Well, that went horribly…
Baby DM with two campaigns. All the players are good friends of mine. Sometimes they can’t make it to game, so instead of cancelling when one person can’t show up, I decided to merge the tables on weekends when a player is missing and running a flash-back sort of one-shot series that tells a the tale of a critical war that shaped the world in which the two campaigns take place. We play over zoom.
Tonight’s session, our first, had 7 players. I never ran a game for more than 4 ppl and I immediately got overwhelmed with the prospect of keeping everyone engaged and entertained.
Social interactions went well enough, but the main event was a looming battle. This is where my mistakes were most exposed.
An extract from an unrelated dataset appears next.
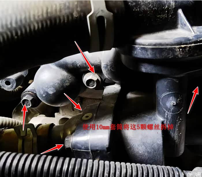 第三步使用10mm套筒扳手拆除节温器上面的5颗螺丝,如下图
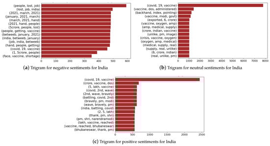 Next, we present the trigrams for sentiment polarity p based on TextBlob, where we group negative sentiments (), positive sentiments (), and neutral sentiments ( and ). Figure 14 and Figure 15 present the trigrams associated with the three groups of sentiments for the case of India and Australia, respectively. In the case of India (Figure 14), we find that negative sentiments are associated with “people, lost, job” and topics such as vaccine shortage, while the neural sentiments also relate to vaccines and other issues such as medical supply. The positive sentiments are associated with the COVID-19 vaccine, vaccine dosage, second wave, and Prime Minister Narendra Modi. There are certain topics (trigrams) that overlap negative and neutral sentiments and over the sentiments. The vaccine overlaps all three sentiment groups, which indicates that based on the context, groups of people expressed it as negative, positive and neutral. Table 4 presents the TextBlob polarity (mean and standard deviation) over the entire span of the dataset (taken from Figure 9) including and excluding 0 polarity scores. We note that 436,340 out of 1,187,390 tweets had 0 polarity for all five countries, which gives a high standard deviation and a skewed distribution.

They are in a square fort with 4 main gates. Ballistas mounted at the towers of each gate. Different enemies gradually came knocking at each side, but the gate remained closed and the players mainly just shot them with ballistas. We played for 4 hours and no one lost any HP. For context, I had 11 zombies, a ghoul and a ghast coming at them at one point.
With the advantage of the fort and ballistas, the combat stagnated. The enemies couldn’t break in and the fort was too big for any of the players to feel like they could meaningfully engage with each part of the battle (south, north, west, east). It would take at least two dashes to get from one end of the fort to another…
4 hours in, they killed 3 bosses (one being a green wyrmling) with the ballistas, took no damage, and didn’t feel any true threat. Worse, they felt like the battle was unrealistic because no one else in the fort seemed to be doing as much as they were to fend off the attackers.
I know I bite off more than I can chew or digest, but help me out—is there any way of running large scale combat, like I intended, without ending up with a boring, lackluster, drama-less battle?